Databricks Community

bachan · ‎09-04-2023

Scenario: Data from blob storage to SQL db once a week.

I have 15(from current date to next 15 days) days data into the blob storage, stored date wise in parquet format, and after seven days the next 15 days data will be inserted. Means till 7th day the data will be same and after seven days when data will be refreshed, it will overwrite the existing 8 days data and extend till another 7 days. For one day the data is nearly 10lacs rows, means for whole 15 days, I have nearly 1.5 crore.

Now I need to create a pipeline, where I need to read the parquet file, and I will insert the data into the SQL db, where I need to store the data continuously.

My Approach: I have written a PySpark code to read the data from parquet file, and format it.

Now I need to insert the new data to the SQL table, where the data is present, so I am taking date as the key, if the data for the particular date is present in the SQL table then I will use Azure functions to delete the data for that date and reinsert the new data, and if the data for the particular date is not present then I will append the data into the table. I am using jdbc in databricks to insert the data.

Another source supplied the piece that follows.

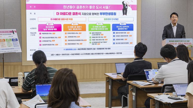 표준가격제에 맞춰 결혼식을 올리는 예비부부에게 스드메 비용을 최대 100만 원 지원하고, 행복 스토리를 제출한 커플 100쌍을 선정해 생활·육아용품 구입에 쓸 수 있는 100만 원 상당의 쿠폰을 지급하기로 했습니다.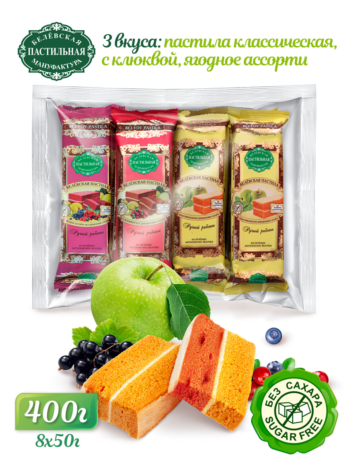 Набор пастилы «Белёвская Пастильная Мануфактура» без сахара с ягодами, 400 г.

Purpose: Purpose is to append the table and maintain the historical data as it is, if the new data comes then I need to overwrite only that data which is new and insert the remaining data, considering the date as the key.

Issue: when I use Azure functions, it gives me timeout error, because day by day the data is increasing in the SQL table, so the problem is everytime I am getting the timeout error with response as 504.

So in that case I am not able to insert the new data, each and everytime I can not do it manually to delete the data for the dates which are updated in parquet file, and then insert the new data. So I want to automate the process, suggest me how can I do it ?

Note : Earlier when the data was less then the whole code was working fine, but as data started accumulation, function app started giving response as 504, i cannot go for a while statement that until I get response as 200, i cannot insert new data.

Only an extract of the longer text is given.